I don’t find it disappointing, but perhaps it could be your conscience?  Sorry that I’m no help, I just wanted you to know that I have somewhat struggled with this!

Post # 6
Member
181 posts
Blushing bee

“I’ve been told so many times that sex is this amazing and wonderful act that “in marriage” will be so fulfilling and great. While we are not married, I can tell you that I would be feeling the SAME way I feel now if we had waited until we got married. I’m just sad that people hyped up sex to me so much”

Yeah that’s always been my fear for friends that are waiting until marriage, pretty much exactly. I can’t say I’m in the same boat, at all, but I can assure you sex is amazing – it just takes a little practice, openness and experimentation. There’s so many details and techniques that really make the experience worthwhile though the most important one you’ve already got down pat – your partner is someone you love and trust. From there the sky is the limit!

Post # 7
Member
148 posts
Blushing bee

You and your fiancé have made your commitment to one another by becoming engaged.

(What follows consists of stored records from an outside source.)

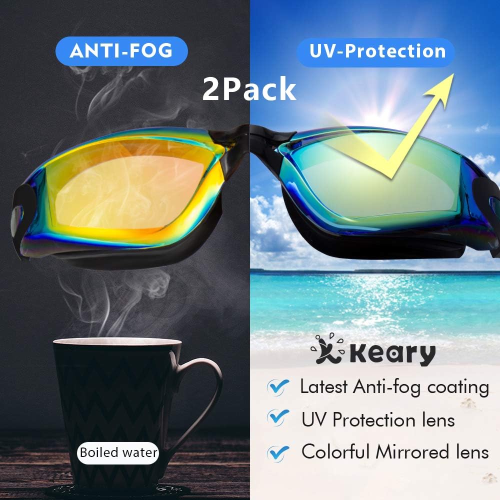 Keary 2 Pack Anti-Fog Swim Goggles for Adult Youth Kids 6+, Anti-UV Waterproof Triathlon Pool Goggles with 3 Nose Pieces
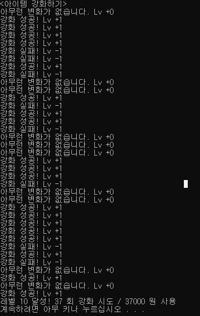 print("<아이템 강화하기>")
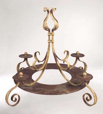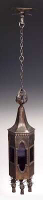 A set of eight Arts and Crafts copper and wrought iron ceiling lights,
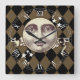 A nostalgic vintage steampunk fantasy man in the moon design with a harlequin checked background. In antique sepia tones.
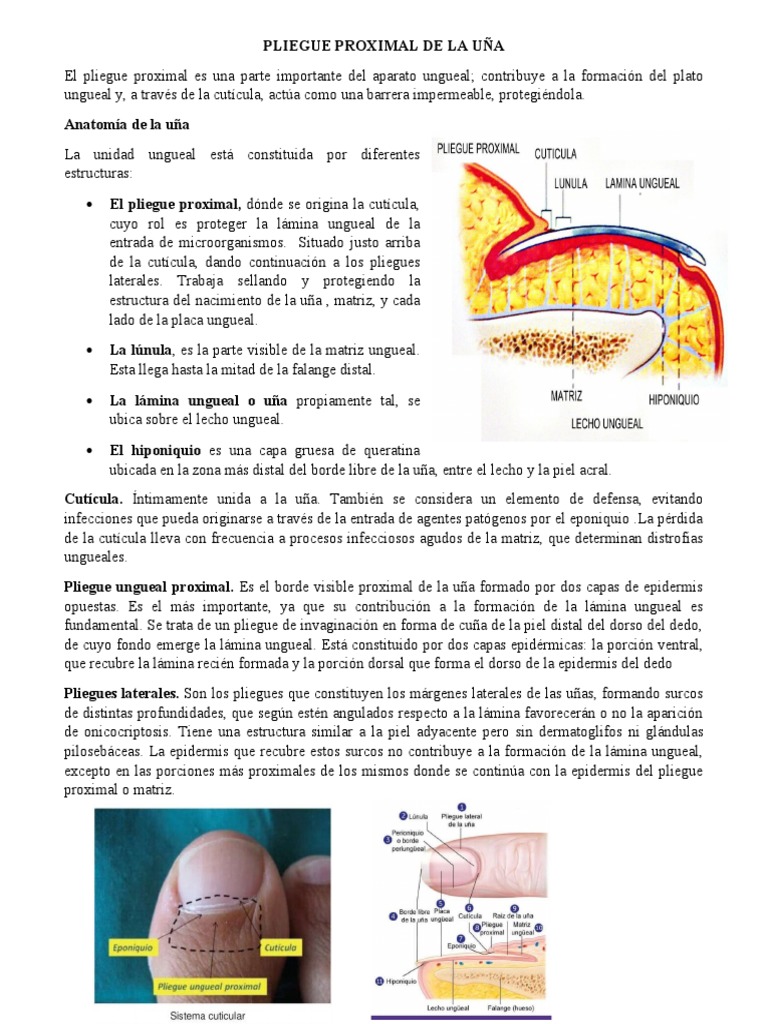 Pliegue ungueal proximal. Es el borde visible proximal de la uña formado por dos capas de epidermis
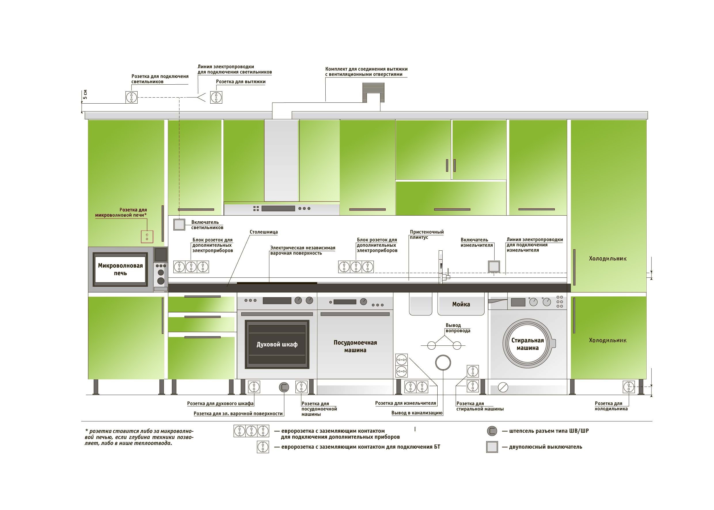 Как установить розетки на кухне под встраиваемую технику для кухни
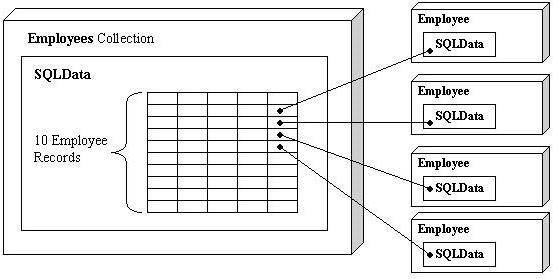 An illustration here might prove useful. The Employees collection in Figure 3 contains ten employee records. Each Employee object is using its SQLData struct as a bookmark into the collection. This differs from the previous code sample, in which an individual Employee object was created. In that case, the Employee objects SQLData actually contained the data rather than acting as a bookmark into a collection. The SQLData struct hides all of this from the developer.
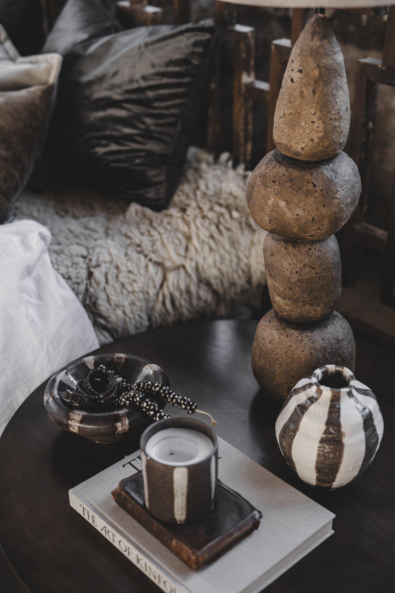 The Remi bowl is a decorative piece that exudes rustic charm and elegant beauty. With its brown and white stripes and soft, chunky shape, the bowl is a beautiful work of art that elevates any room. Hand-painted with a reactive glaze, each bowl has a unique appearance, with varying colors and finishes that make every piece one-of-a-kind. The rich depth and vibrancy of the glaze gives the bowl an authentic, handmade feel. With its rustic finish and soft design, Remi is more than just a bowl - it’s an interior detail that adds both warmth and character to your home. Perfect as a decorative element on the table, shelf, or as part of your collection of beautiful objects. The bowl is not foodsafe, making it ideal as a stylish decorative item for displaying small trinkets or creating a beautiful visual effect on shelves or tables. Let Remi be a unique and artistic addition to your home, bringing authenticity and a lively atmosphere to your space.

In previous, earlier times, the engagement would be very brief and you would be married quickly (already). You are having sex in a relationship where you have committed to one another for life in the eyes of G-d.  I see the marraige ceremony as the public acknowledgent of that committment. That may not match the doctrine of your organized religion, but i wanted to share my opinion.  Also, no one need know anything about the extent of your sexual practices. You certainly don’t know everything about your friends’ sexual practices, I’ m sure.  

 

Post # 8
Member
95 posts
Worker bee
  • Wedding: June 2014

Yesss. Oh god. So my Fiance and I were the same. Well my Future Mother-In-Law was so paranoid she ended up going through his garbage and found used condoms. So gross, eh? This is the start of all my problems with her – honestly, if she had minded her own business we could’ve been on good terms. My Fiance and I are grown adults and since that day, she has been trying to get us to read Christian books about becoming ‘reborn virgins’ etc etc…

Honestly, sex is so normal. I know we are supposed to remain ‘good Christians’, but I never could fathom how anyone could make the mental switch ‘sex is bad, sex is bad, oh, we’re married now, ok sex is now good’ and not be screwed up by it. If I had waited til my wedding night I would’ve been so disappointed. Not everyone agrees, but it is of my personal opinion that I need to know how sexually compatible I am with my partner. What if he had a gimonga dong and it’ll hurt forever?

If I had believed the hype with married sex, I would’ve cried.

Anyways, I mean absolutely no disrespect to anyone that chooses to wait. It is a personal choice *regardless of what you choose*

Post # 9
Member
269 posts
Helper bee

I wouldn’t stress over it. It seems to me that you got your hopes up about sex and its not what you though it would be. Don’t feel guilty, but if it bothers you so much you should confess and get on with life. It didn’t kill you right?

Post # 10
Member
497 posts
Helper bee
  • Wedding: March 2013

I did not wait until marriage and there are so many times (although I’m a newlywed) that I wish so desperately that I would have. There’s something so romantic about it. There’s no need to gain experience, those experiences can belong to your spouse. You have your entire lives to explore and get frisky.

 

Some people say that the devil’s greatest trick is making folks have so much sex before marriage and so little after. Wait! You can do it. I wish I did.

Post # 11
Member
9550 posts
Buzzing Beekeeper
  • Wedding: August 2013

Alright. I don’t know if this really relates, but I’ll share. Lately I’ve been thinking about the ceremony and acutally being “married”. I hear lots of bees talk about how amazing it’s going to be to be married and they want to cherish this moment and bladity blah. Very well and good for them. But I’m not getting lots of cherish the moment when our love makes us one kinds of thoughts about the ceremony/wedding. But the  more I think about it, the more I’ve decided it’s because, in my mind, we’re already married. The big monumental moment for me was way back over a year ago when I made the decision to marry him. And when I told him that. And when we got engaged. In my mind we were in it for the long haul from that time forward, so the ceremony is more about committing in front of friends and family, because we’ve already committed to each other.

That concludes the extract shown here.